By Mikael Kehler M.D.
As I can see from the comments in the Discussion Forum it is clear that Forshufvud’s theories about poisoning are still very much alive.
This is a fascinating theory, but almost too fantastic to be true, and almost the only indication is the arsenic content in the hair. Arsenic was commonly used for medications and in addition there was a plethora of other sources for arsenical poisoning (for example the dye used for the curtains around Napoleons camp bed).

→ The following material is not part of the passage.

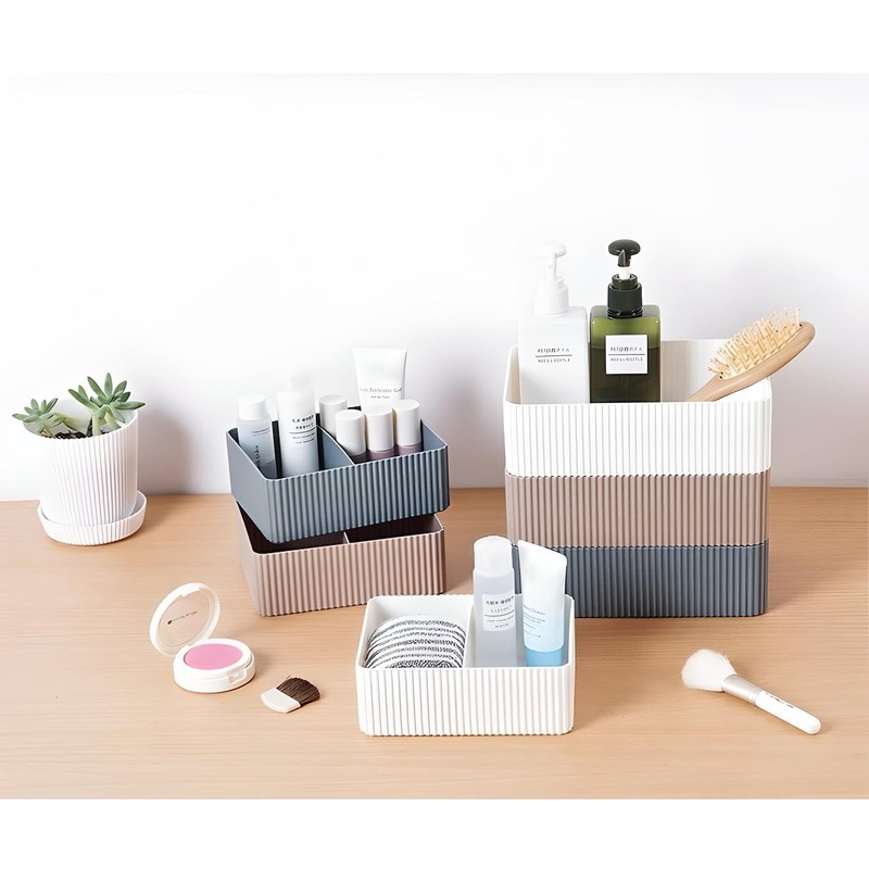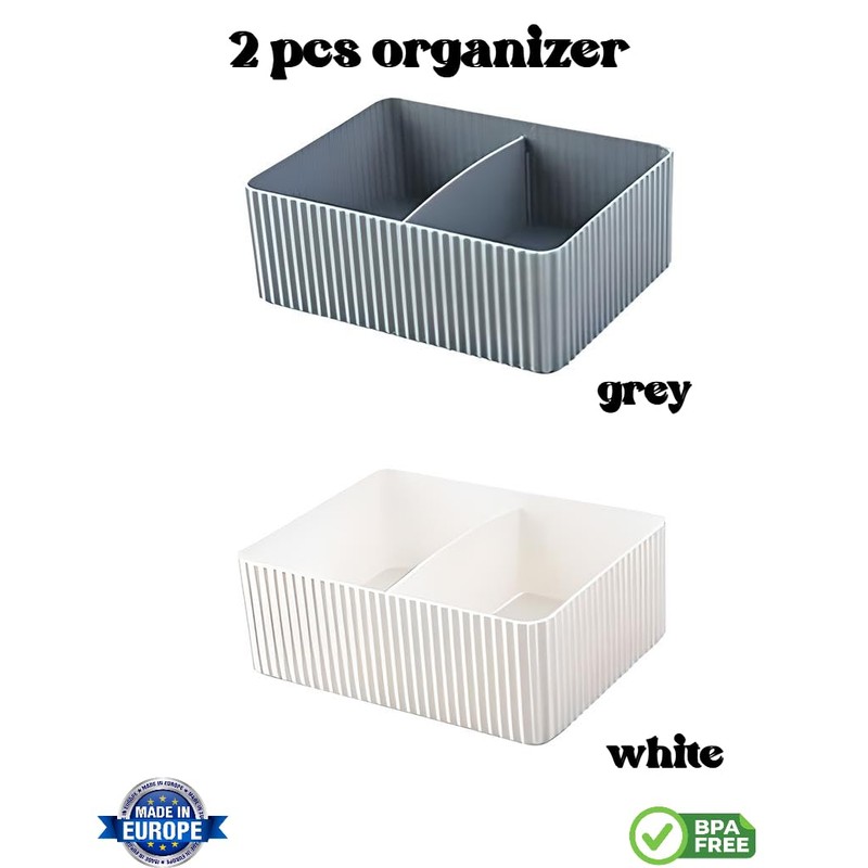 PHRYGIA Cosmetic Organiser 2 pcs with 2 Compartments,Dresser-Top Organisers, Open Top Bathroom Tidy Box, Home and Kitchen Storage Organiser,Desk organiser,Drawer Organiser (grey&white, 2 divide)

I can agree that the official cause of his death – ventricular cancer – is just as improbable, cancer patients usually dies emaciated and not fat as Napoleon. A third theory, evoked already before his death but suppressed by the British for political reasons, was hepatitis, a disease endemic in St. Helena. Hippolyte Larrey, son of Napoleons famous surgeon and himself a surgeon wrote so 1892, and that a stomach ulcer was secondary to hepatitis, an opinion he apparently shared with his father. An Irishman, Dr. Knott is the next to state that the cause was hepatitis, and in 1931 Dr. Mets and Dr. Abbatucci published a book about the St. Helena disease which now is associated with amoebic disease. The advantage of this diagnosis is that it fits in with all known symptoms: the remittent fever with drenching night sweats; the feeling of heaviness and discomfort on the right side with referred pain in the right shoulder; the palpable tender liver; the muddy, shallow-looking skin is also typical of hepatic amoebiasis, and even the red spittle fits in with a perforated abscess, either to the stomach – or more likely – to the lungs.
The arguments above are from a book by Major-General Frank Richardson, M.D.: Napoleon’s Death: An Inquest (William Kimber 1974) which is just as if not more readable than the book of Forshufvud as it seems to be more based on medical facts.